The North Tyneside Art Studio provides studio space and the support of professional artists for a number of people with mental health or addiction problems. Its ethos is that by encouraging the creativity, self expression, personal development and artistic enterprise of its users they will be able to attain a fuller life experience and play an active part in the cultural enrichment of their community. As part of an Arts Council funded pilot project an SROI analysis was undertaken exploring the benefits accruing to a range of the organisation’s stakeholders, including studio users, their families and carers, staff, professional practitioners and statutory agencies.

The SROI report represented a key feature of the Studio’s bid to the Northern Rock Foundation. Using it to demonstrate the value that they were creating helped secure significant funding for the next two and half years.

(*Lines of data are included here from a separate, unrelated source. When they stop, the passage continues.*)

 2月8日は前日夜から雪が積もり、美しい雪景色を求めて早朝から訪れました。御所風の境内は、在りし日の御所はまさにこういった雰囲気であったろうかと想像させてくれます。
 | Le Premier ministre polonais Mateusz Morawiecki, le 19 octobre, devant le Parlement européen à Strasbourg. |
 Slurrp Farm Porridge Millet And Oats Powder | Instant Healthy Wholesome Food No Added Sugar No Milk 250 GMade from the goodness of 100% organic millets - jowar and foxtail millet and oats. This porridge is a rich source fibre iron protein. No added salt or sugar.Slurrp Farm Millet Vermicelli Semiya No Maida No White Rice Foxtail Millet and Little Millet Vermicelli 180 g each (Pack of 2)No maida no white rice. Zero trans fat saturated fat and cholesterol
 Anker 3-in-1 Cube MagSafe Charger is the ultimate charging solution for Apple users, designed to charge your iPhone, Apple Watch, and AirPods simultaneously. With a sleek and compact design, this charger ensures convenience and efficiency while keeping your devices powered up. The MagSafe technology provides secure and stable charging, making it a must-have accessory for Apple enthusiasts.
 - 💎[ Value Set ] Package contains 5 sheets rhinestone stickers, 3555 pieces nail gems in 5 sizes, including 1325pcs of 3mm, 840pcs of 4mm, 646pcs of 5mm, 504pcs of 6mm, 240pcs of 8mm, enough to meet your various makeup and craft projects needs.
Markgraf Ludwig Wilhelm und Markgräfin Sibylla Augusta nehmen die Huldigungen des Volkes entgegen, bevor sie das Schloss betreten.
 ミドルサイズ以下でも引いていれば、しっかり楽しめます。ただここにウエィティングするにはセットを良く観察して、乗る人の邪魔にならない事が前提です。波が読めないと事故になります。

Reflecting on their experience of taking part in the SROI study the centre manager acknowledges that the process was an important factor in helping the organisation understand its outcomes, rather than relying just on output figures to tell its story. However, work would need to be done to make the methods of data collection and analysis more user-friendly in order to truly embed the SROI model as a performance management tool that the organisation could use by itself.

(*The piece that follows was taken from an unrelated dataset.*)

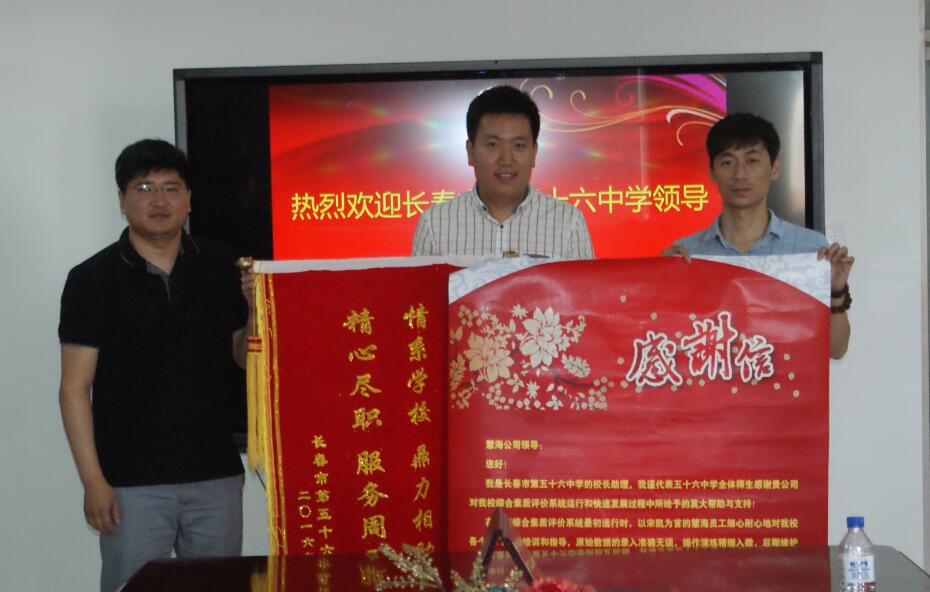 進(jìn)入驕陽似火的七月,我公司再傳喜訊。7月13日,長春市第五十六中學(xué)副校長柳鑫代表學(xué)校來到慧海科技,專程將感謝信與錦旗送到我公司,特別向我公司實(shí)施部員工宋凱對五十六中學(xué)素質(zhì)教育綜合評價系統(tǒng)運(yùn)行和快速發(fā)展過程中給予的幫助和支持表示感謝。
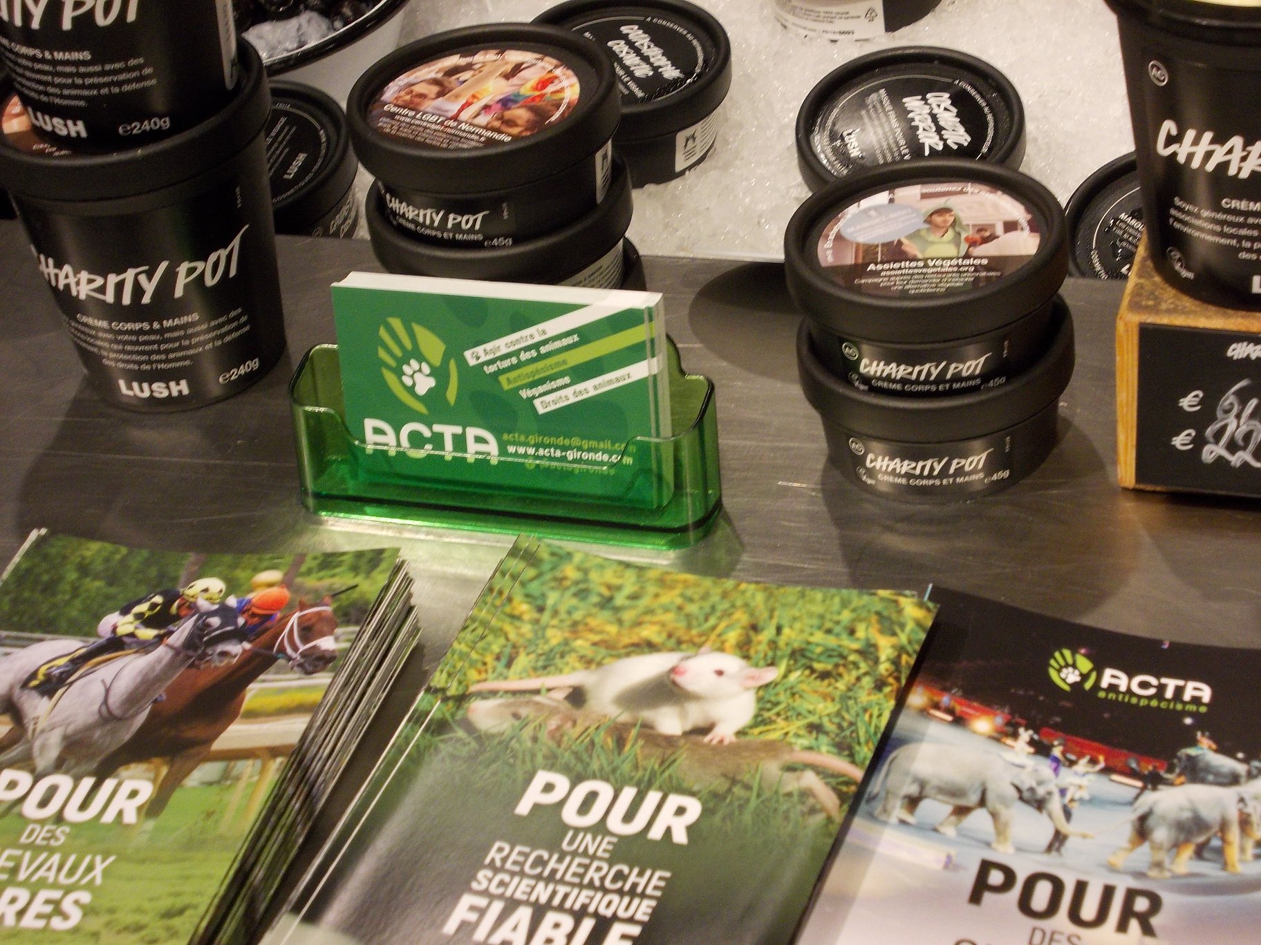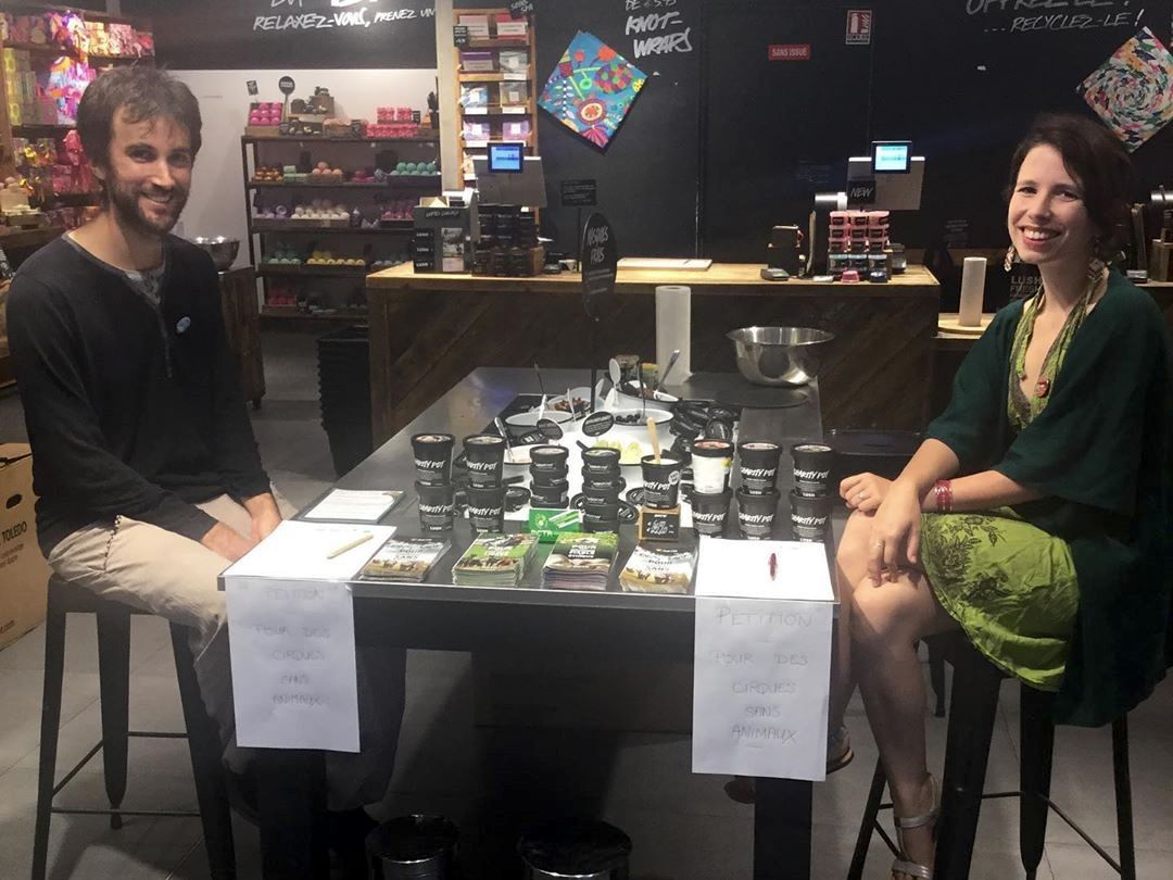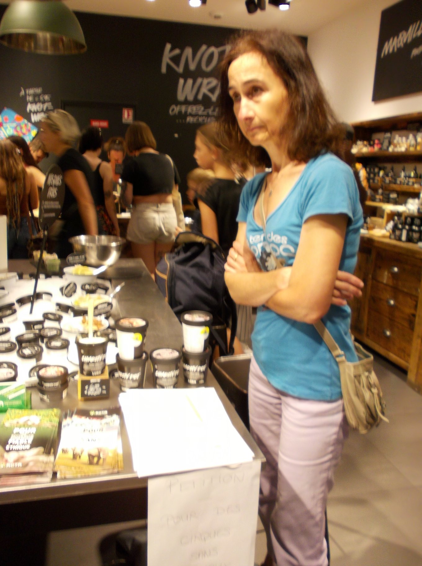Comme prévu, samedi 14 septembre, des membres de l’équipe d’ACTA étaient présents toute la journée dans la boutique Lush Bordeaux pour une Charity Pot Party et pour faire signer la pétition destinée au Maire de Bordeaux afin qu’il se prononce en faveur de l’interdiction des cirques avec animaux sauvages.

The SROI ratio presented in this analysis is 1: 1.19, which suggests that for every £1.00 invested in the organisation, £1.19 of social value is created for its stakeholders in the year of that investment. For an organisation like North Tyneside Art Studio that is creating benefits for stakeholders that have value lasting beyond the year of the investment (and therefore beyond the initial intervention) the value of benefits needs to be added up for a number of subsequent years, after which the value attributable to NTAS is deemed to “drop-off”. For this study we illustrate this by estimating that the accrued value of benefits to the stakeholders lasts for at least three years. Combining the added value over these three years increases the SROI ratio to 1: 2.81, suggesting that for every £1 invested in the organization in a given year,£2.96 of social value is created.     

Barangaroo  

Barangaroo is the 22 hectare Sydney waterfront site that is to be the showcase for social and environmental sustainable redevelopment and regeneration in Australia. At the heart of the multibillion dollar development are four key sustainability goals: community well-being, carbon-neutral, water positive and zero waste. To assist the Barangaroo Delivery Authority (BDA) in their development bid evaluations, the final two consortia were required to submit social return on investment analyses of their respective sustainability offers. nef consulting advised the Barangaroo Delivery Authority on the respective analyses and contributed to the final recommendations provided by the BDA to the state government. 
  

Enterprising Coventry

Coventry City Council contracted nef consulting in the final quarter of 2008 to deliver forecast Social Return on Investment analyses on two parts of their LEGI (Local Enterprise Growth Initiative) regeneration programme. These SROI analyses helped inform the restructuring of the programme during the first quarter of 2009 as well as showing Coventry City Council the need to more accurately measure outcomes. During 2009, nef consulting continued their work with Coventry City Council to develop detailed social outcomes measurement tools, provide training to staff and to create an SROI model to embed in their monitoring and evaluation processes for on-going use by the council.